What is being asked> Would you please repeat, word for word, only the lines from the one holding "Lz的,L;≤L时,编织套长" through the one holding "Input the username" in the material below, without the pictures?

Recorded information>

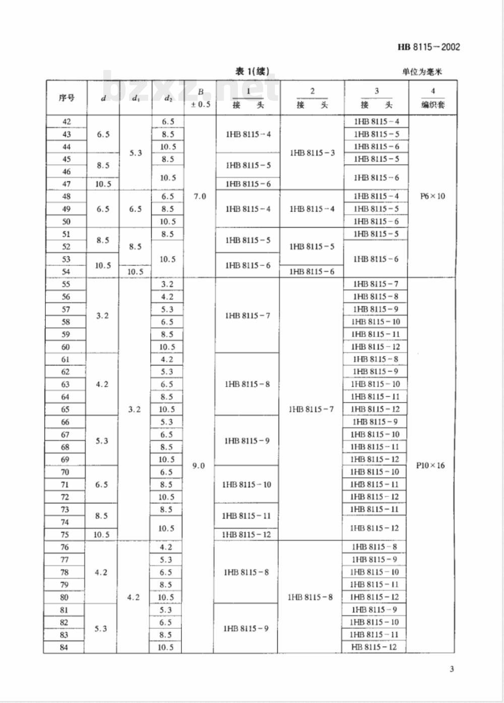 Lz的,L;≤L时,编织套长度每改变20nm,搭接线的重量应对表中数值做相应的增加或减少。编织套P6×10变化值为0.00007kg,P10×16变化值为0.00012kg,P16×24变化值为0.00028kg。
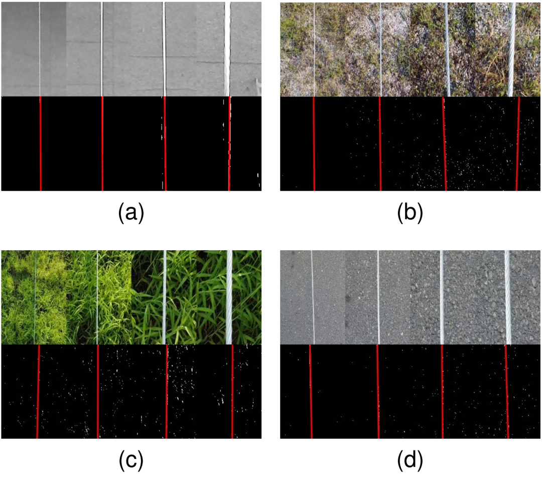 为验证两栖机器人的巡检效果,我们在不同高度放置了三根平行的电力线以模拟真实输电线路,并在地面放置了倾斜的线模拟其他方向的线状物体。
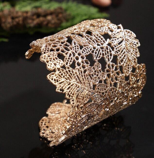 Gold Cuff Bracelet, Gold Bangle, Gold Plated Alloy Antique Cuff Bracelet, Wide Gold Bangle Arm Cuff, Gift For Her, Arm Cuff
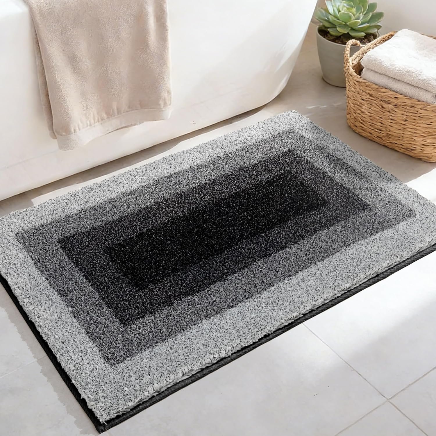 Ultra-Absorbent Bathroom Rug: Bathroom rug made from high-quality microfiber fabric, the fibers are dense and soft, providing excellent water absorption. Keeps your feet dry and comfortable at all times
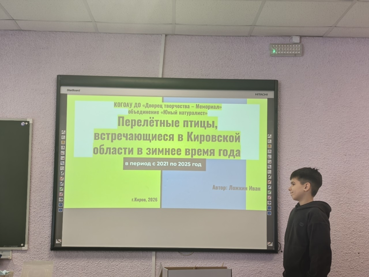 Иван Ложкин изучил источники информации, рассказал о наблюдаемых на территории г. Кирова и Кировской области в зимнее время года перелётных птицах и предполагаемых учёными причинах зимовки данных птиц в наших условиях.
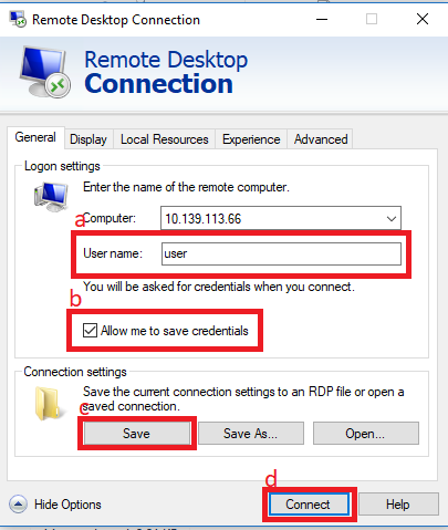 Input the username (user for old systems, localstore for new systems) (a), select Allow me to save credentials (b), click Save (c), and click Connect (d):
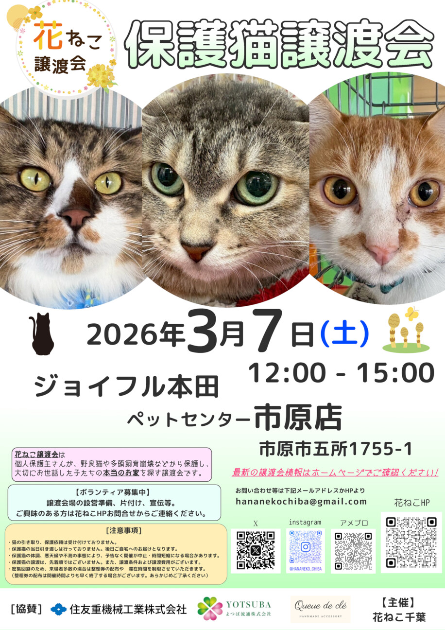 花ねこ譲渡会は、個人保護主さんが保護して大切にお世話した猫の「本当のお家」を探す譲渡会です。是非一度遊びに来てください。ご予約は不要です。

==

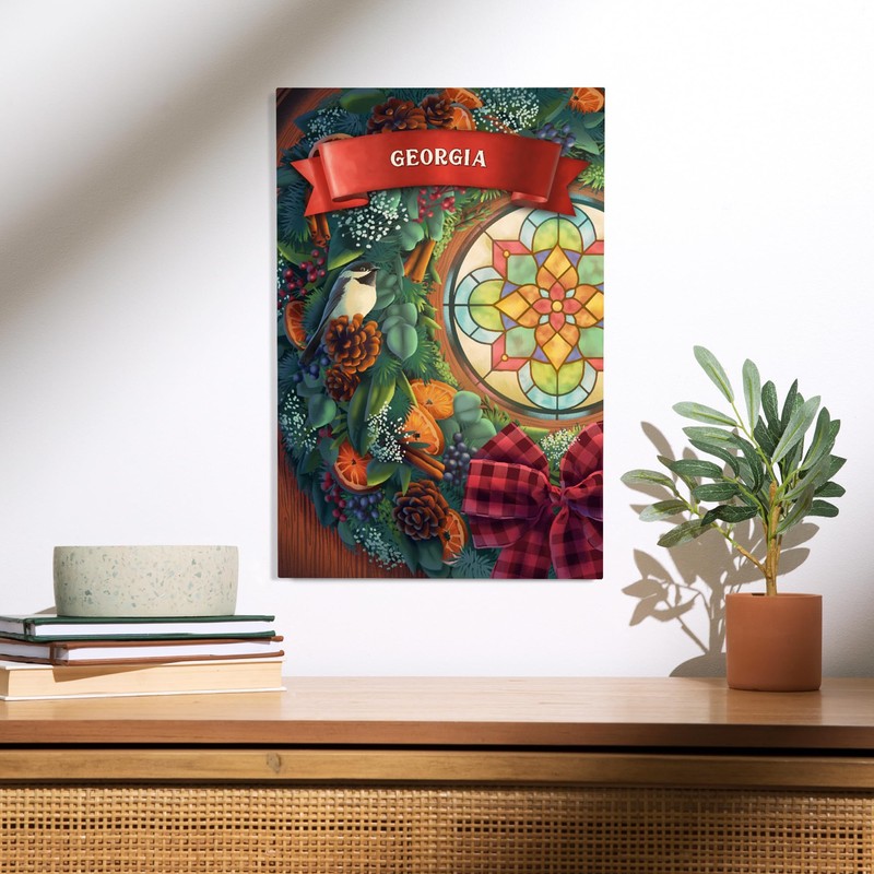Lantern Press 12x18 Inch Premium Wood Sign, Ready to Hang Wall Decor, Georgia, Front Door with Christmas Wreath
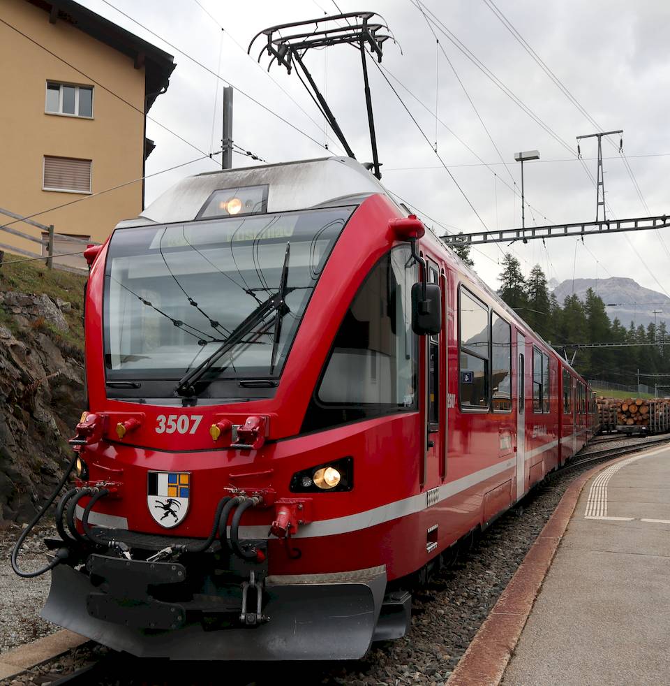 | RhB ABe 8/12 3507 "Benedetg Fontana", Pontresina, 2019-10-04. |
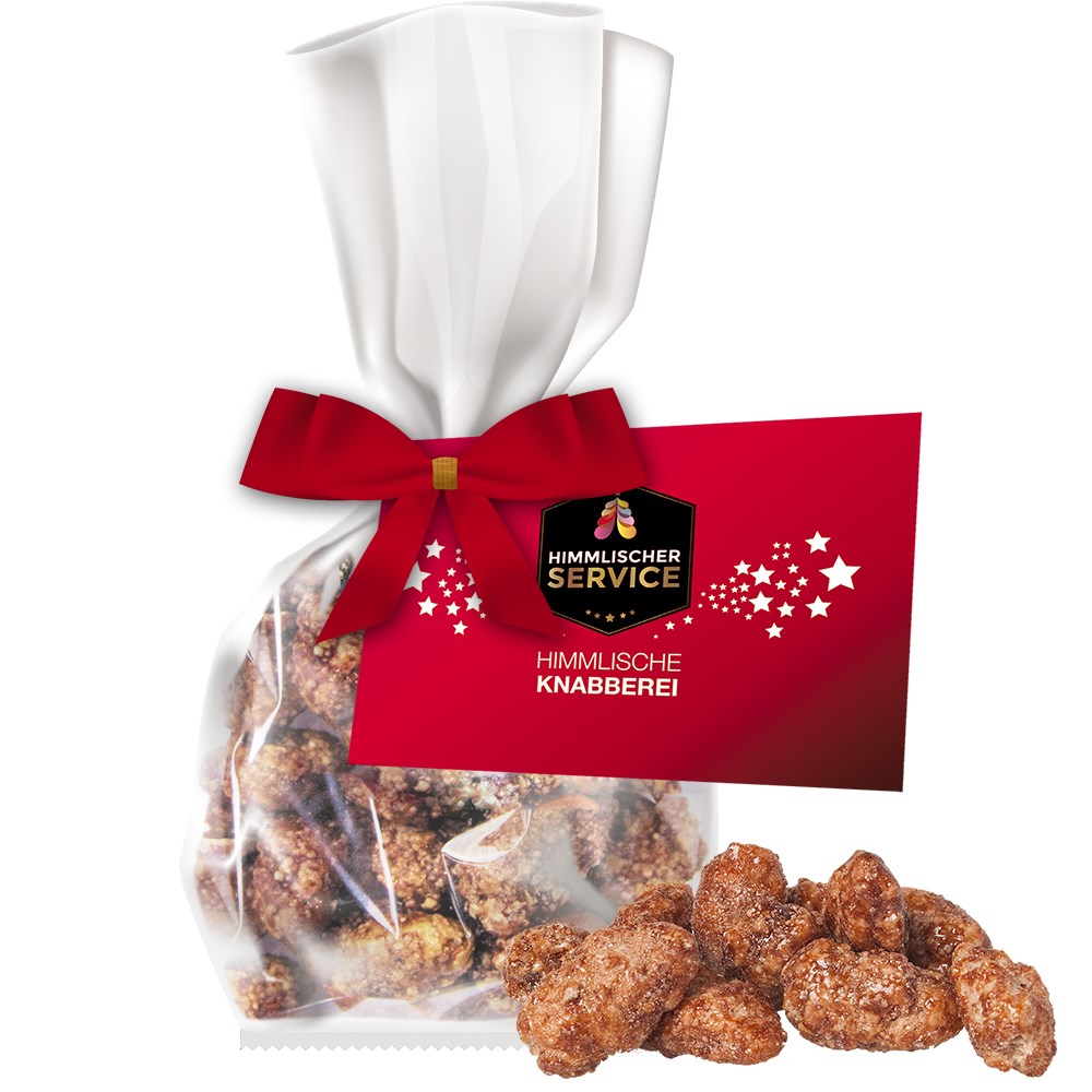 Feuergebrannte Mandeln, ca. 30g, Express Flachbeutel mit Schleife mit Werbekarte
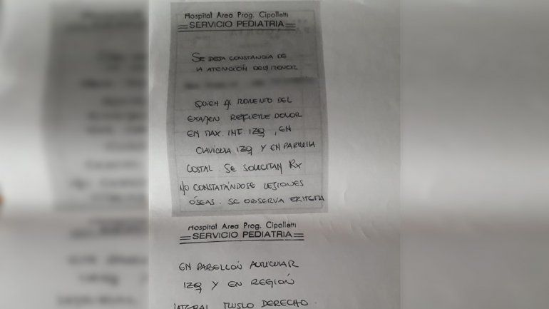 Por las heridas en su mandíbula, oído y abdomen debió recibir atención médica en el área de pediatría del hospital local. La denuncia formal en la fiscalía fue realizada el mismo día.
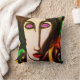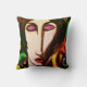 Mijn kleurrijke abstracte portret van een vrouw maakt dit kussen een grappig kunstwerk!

Exercise output>
 Lz的,L;≤L时,编织套长度每改变20nm,搭接线的重量应对表中数值做相应的增加或减少。编织套P6×10变化值为0.00007kg,P10×16变化值为0.00012kg,P16×24变化值为0.00028kg。
 为验证两栖机器人的巡检效果,我们在不同高度放置了三根平行的电力线以模拟真实输电线路,并在地面放置了倾斜的线模拟其他方向的线状物体。
 Gold Cuff Bracelet, Gold Bangle, Gold Plated Alloy Antique Cuff Bracelet, Wide Gold Bangle Arm Cuff, Gift For Her, Arm Cuff
 Ultra-Absorbent Bathroom Rug: Bathroom rug made from high-quality microfiber fabric, the fibers are dense and soft, providing excellent water absorption. Keeps your feet dry and comfortable at all times
 Иван Ложкин изучил источники информации, рассказал о наблюдаемых на территории г. Кирова и Кировской области в зимнее время года перелётных птицах и предполагаемых учёными причинах зимовки данных птиц в наших условиях.
 Input the username (user for old systems, localstore for new systems) (a), select Allow me to save credentials (b), click Save (c), and click Connect (d):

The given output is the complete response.